### Work instruction:
Go through the records and report each line holding the string "seccionando".

### Source data:
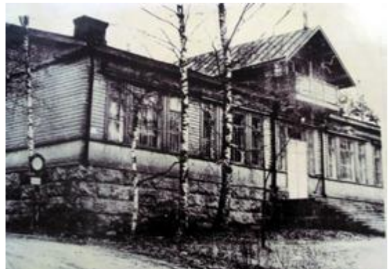
Venäläinen koulu ja myöhempi aliupseerikerho
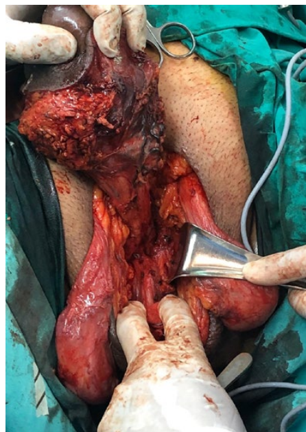
FIGURA 2. Penectomía radical, seccionando los cuerpos cavernosos.

Luego, en posición de litotomía modificada, se realizó la PR (seccionando ambos cuerpos cavernosos) y se dejó uretostomía
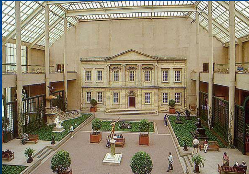
Один из залов музея Метрополитен
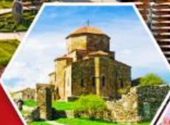
อิมารลอรี
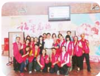
熱心支援協助學校活動

以實際的行動帶領學校的書香志工，透過多元豐富的資料蒐集、積極認真的參與培訓課程、縝密仔細的思考討論，以生動有趣的講述故事、創作俱佳的展演故事，帶領學生親近圖書館，善用圖書資源，並發展建立良好的道德觀念與品德教育，廣受校內親師生的肯定與讚許，也讓這一個感動人心、造福全校師生的閱讀教育支持者樂章，一天又一天在福星校園中持續傳唱。
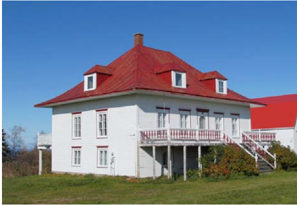
Le 679, chemin Pettigrew. IMG_4008.jpg

Un type architectural très rare dans la MRC de Rivière-du-Loup particularise L'Isle-Verte : le Regency. En effet, quelques beaux exemplaires de ce style se retrouvent encore parmi les bâtiments les mieux préservés de l'endroit, dont l'édifice de la Cour-de-Circuit-de-L'Isle-Verte, classé monument historique et décrété lieu historique national du Canada.

### Task response:
FIGURA 2. Penectomía radical, seccionando los cuerpos cavernosos.
Luego, en posición de litotomía modificada, se realizó la PR (seccionando ambos cuerpos cavernosos) y se dejó uretostomía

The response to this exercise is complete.